A word-for-word copy of the listing, free of images, is the expected answer.

====== Dataset section

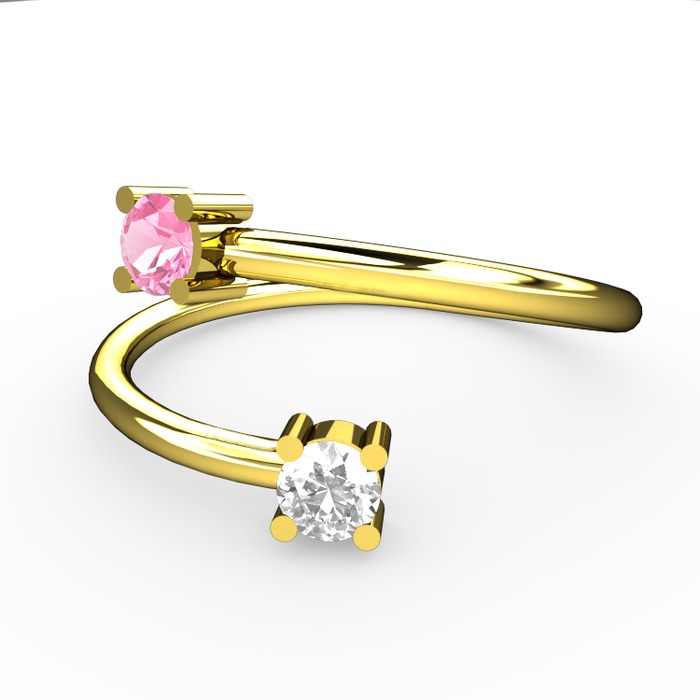 Pembe kuvars ve beyaz zirkon 14 ayar altın yüzük
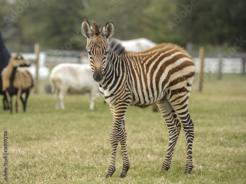 © Mark J. Barrett, Naklejka premium 6 week old Gray's Zebra foal with sheep
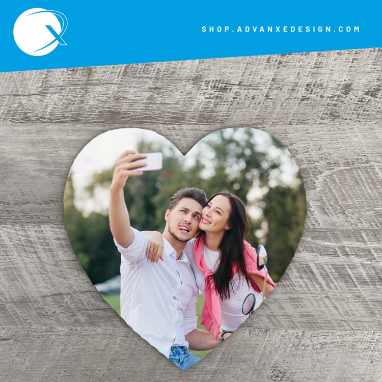 Colora la scrivania dell'uficio con un tappetino mouse a forma di cuore personalizzato con le tue foto d'amore preferite.

============

Completed task ▸
 Pembe kuvars ve beyaz zirkon 14 ayar altın yüzük
 © Mark J. Barrett, Naklejka premium 6 week old Gray's Zebra foal with sheep
 Colora la scrivania dell'uficio con un tappetino mouse a forma di cuore personalizzato con le tue foto d'amore preferite.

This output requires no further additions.